Порция внезапно сообразила, что эта навязанная ей прогулка по деревне Декатур позволит потом рассказать Като много любопытного. И от этой мысли ей снова стало не по себе. Неужели Декатур разрешил бы ей ознакомиться с системой своей обороны, если бы собирался отпустить восвояси?
— А теперь пойдем на главный пост. — На этот раз суровый тон ее провожатого показался Порции очень даже приятным — он прервал размышления, которые приняли совершенно жуткий оборот… А Руфус указал на дымок, поднимавшийся от сторожевого костра: — Тебя доставили к нам по восточному краю долины. Там на всех перевалах устроены посты, с которых можно следить за передвижениями по Шевиотским горам вплоть до самой границы. Точно такие же посты устроены вдоль русла реки на протяжении десяти миль. В этом ты могла убедиться на собственном опыте.
Порция не удостоила его ответом, и Руфус продолжил:
— Мой кузен, Уилл, распоряжается размещением сторожевых постов и получает рапорты от часовых. Ты уже познакомилась с ним прошлой ночью.
Дорога пошла резко вверх, и Руфус не мог не заметить, как изменилась походка его спутницы: движения стали более свободными, а шаги длинными и стремительными. Она на удивление быстро оценила возможности мужского костюма. Декатур разозлился на себя за то, что вообще обращает внимание на подобные детали.
Когда они предстали перед Уиллом, юноша позволил себе разглядывать юную пленницу с откровенным любопытством — в отличие от простых солдат, встреченных ими в деревне.
— Какой необычный наряд, — заметил он.
— Это все, что мне удалось раздобыть, — пояснил Руфус. — Ее собственное платье пришло в полную негодность после вчерашней ночи.

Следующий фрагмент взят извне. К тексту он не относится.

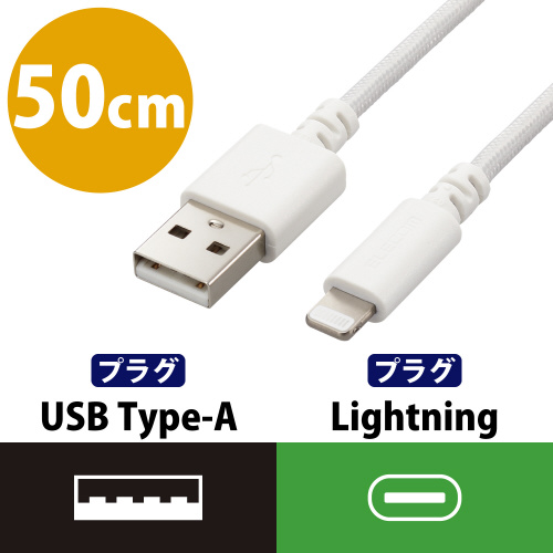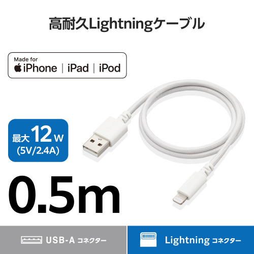 Lightningポート搭載のiPhone/iPod/iPadとUSB-Aポート搭載のパソコンおよびAC充電器を接続して充電・データ通信ができる高耐久ケーブル。コネクター付け根部分の耐久力を高めてます

Уилл кивнул, как будто все понял, в то время как Порция хранила каменное молчание. Совершенно очевидно, что он, подобно Джозефу, был в курсе ее унизительного возвращения с реки. Похоже, об этом знала вся деревня. Руфус снова взял ее под локоть и отвел в сторону от костра.
— А теперь взгляни сама. Видишь сторожевые костры на каждой из тех вершин?
— Ты уже указывал мне на них, — Порция сердито скрестила руки на груди. — Причем не один раз.
— Чтобы быть уверенным, что ты поймешь меня правильно, — холодно процедил он. — Дорогу до дома отыщешь сама. Я и так угробил на тебя уйму времени — пора заняться более важными вещами. — С этими словами Декатур повернулся и направился обратно.
От столь явного пренебрежения у Порции буквально отвисла челюсть. Недавние страхи испарились без следа — им на смену пришло негодование. Кто позволил этому типу обращаться с ней со столь оскорбительным равнодушием? Она помчалась следом, все сильнее разгоняясь на крутом склоне, горя желанием ответить оскорблением на оскорбление.
Перепрыгнув через кучу камней, она неловко поскользнулась на обледенелой тропе, шлепнулась и с диким визгом полетела вниз — прямо под ноги Руфусу. Неожиданный толчок сбил его с ног, и оба покатились кубарем дальше.
Наконец Руфус сумел задержать падение, крепко прижимая Порцию к себе. Ее голова оказалась где-то у него под подбородком. Их ноги переплелись. Порция бешено вырывалась, стараясь освободиться и ругая Декатура на все лады. Пылавшее яростью лицо оказалось так близко, что гневно сверкавшие ярко-зеленые глаза на миг заслонили собой все остальное. Он прижал пленницу еще сильнее, не позволяя вырваться, и грозно спросил, воспользовавшись заминкой в ее страстном монологе:
— Ты сделала это нарочно?
— А что, если да? — пропыхтела она.
Наступила минутная заминка. Порция видела, как он прищурился. В его взгляде появилась угроза с примесью чего-то такого, от чего у нее захватывало дух и все тело вздрагивало от возбуждения. Молчание все длилось и длилось, и она лежала все так же тесно прижатая к Руфусу, ожидая неизвестно чего…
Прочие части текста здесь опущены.